I checked but couldn't find any wire that was burnt I changed the cam shaft sensor a few months back. Would a cam sensor cause the car to stop accelerating like that. This is the second time on the highway my car died. Nassans should come with a warning that there very dangerous and might kill you


----------



## dcalleja777 (May 15, 2014)

Coolie_don said:


> I checked but couldn't find any wire that was burnt I changed the cam shaft sensor a few months back. Would a cam sensor cause the car to stop accelerating like that. This is the second time on the highway my car died. Nassans should come with a warning that there very dangerous and might kill you


I had a cam code come up on my car and it made the car hesitate for about 10 seconds with no acceleration. I had my music blarring thought the car stalled. 
I looked at the tach and it was at idle, after that the traction light, check engine light came on, after the lights came on was able to resume driving with no issue.
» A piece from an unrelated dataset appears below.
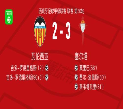 北京時間4月5日西班牙足球甲級聯(lián)賽 聯(lián)賽 第30輪,瓦倫西亞主場對陣塞爾塔。瓦倫西亞吉多-羅德里格斯梅開二度。塞爾塔莫里巴破門,費爾-洛佩斯破門,斯韋德貝里破門。最終比分瓦倫西亞 2-3 塞爾塔。

All of that happened in about 20 seconds tops. 
BTW this car has 2 cam sensors and a crank sensor they are all the same part.


----------



## SPEEDO (Jun 9, 2003)

th V6's have 2 cam 1 crank sensor... and they are all different, (angle on the connectors)


----------



## dcalleja777 (May 15, 2014)

Yes i should have specified that. Thank for the clarification speedo


----------



## SPEEDO (Jun 9, 2003)

are you asking about a 08-09 350Z ?, short answer, no, they started using the "HR" (high rev) engine in 07, different intake (upper & lwr)


----------



## Duwhop31 (Aug 19, 2014)

My 05 Altima 3.5l is making a ticking / clicking noise when I start it up. What could this be?


----------